As plantações de bananas requeriam muito cuidado, mas os Moidecares souberam fazer delas a base duma economia bem lucrativa. Quando eu era pequenino, fascinavam-me as filas dos Moidecares, geralmente mulheres, com cargas desse produto agrícola, e de vários outros, nas cabeças e nas ancas, a marcharem nas manhãs das sextas feiras para a feira semanal de Mapuçá. A meio caminho, a dois quilómetros de Mapuçá encontravam um pedestal de altura duma pessoa adulta. Era para as pessoas se aliviarem da carga e a poderem retomar sem ajuda de ninguém. Era uma solução tradicional indiana. O pedestal («dovornem», derivado do verbo Concani «dovrunk» ou colocar) nos trajectos mais longos, era também um marco indicador de dois quilómetros de distância.
Posso agora tentar adivinhar uma explicação para as histórias inventadas acerca dos «Moidecares», designando-os vulgarmente por «Moidecar pixé»! Como conheço bem o génio dos habitantes, e herdei-o para bem ou para mal, posso afirmar sem dúvida alguma que se trata dum povo orgulhoso, muito trabalhador, e capaz de combinar o orgulho com uma simplicidade pouco vulgar. Moirá produziu personalidades com grande nível de formação e que ocuparam cargos públicos de respeito. Muitos deles, antes de vestirem o seu fato e gravata para ocuparem os seus gabinetes e postos de trabalho, não se importavam em visitar os seus campos e hortas. Apareciam vestidos de langotim e com bilhas de urina que se recolhia durante semanas para estrumar as plantações. Era esta capacidade de combinar a vida pública e de campo que lhes mereceu o epíteto de «pixé» ou loucos!
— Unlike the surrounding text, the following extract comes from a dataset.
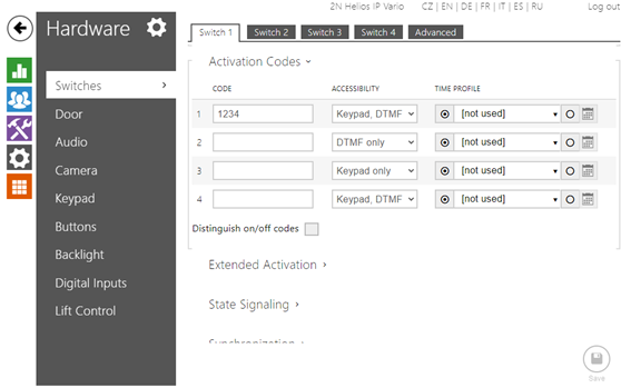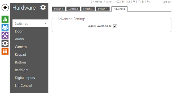 To configure the switch, go to Hardware/Switches/Switch 1 menu and complete the following fields:

Para concluir esta curta apresentação da minha aldeia de origens, não posso deixar de mencionar um capítulo duma crónica franciscana do século XVII. O cronista Frei Paulo de Trindade, narra no capítulo 58 da Parte I da sua Conquista Espiritual do Oriente a história da conversão da aldeia de Moirá. Cita a passagem bíblica em que a conversão dum pecador é considerada digna de maior festejo nos céus do que a de noventa e nove justos. Conta-nos a seguir como no ano de 1619 a aldeia inteira se converteu de vez, apesar de seus habitantes serem «brâmanes gentios dos mais supersticiosos da ilha». Analisei este fenómeno com muitos pormenores há uns anos (1986) num estudo que se publicou na ocasião da celebração dos 350 anos da fundação da paróquia. Os Moidecares previram a confusão que resultaria para a administração local e para a vida social da comunidade aldeana se as conversões fossem individuais e espaçadas. E anteciparam muito bem, mas na altura deixaram a todos perplexos. Parecia mais uma prova da sua tradicional loucura colectiva. Só que as outras aldeias não tiveram a mesma perspicácia, e compreenderam a sabedoria dos Moidecares algo tarde.
P.S.– Tentamos indicar os significados dos termos de origem indiana no próprio texto, mas quem tiver interesse em obter mais informação linguística poderá encontrá-la no Glossário Luso-Asiático, 2 volumes (Coimbra, 1919-21) da autoria de Mons. Sebastião Rodolfo Dalgado.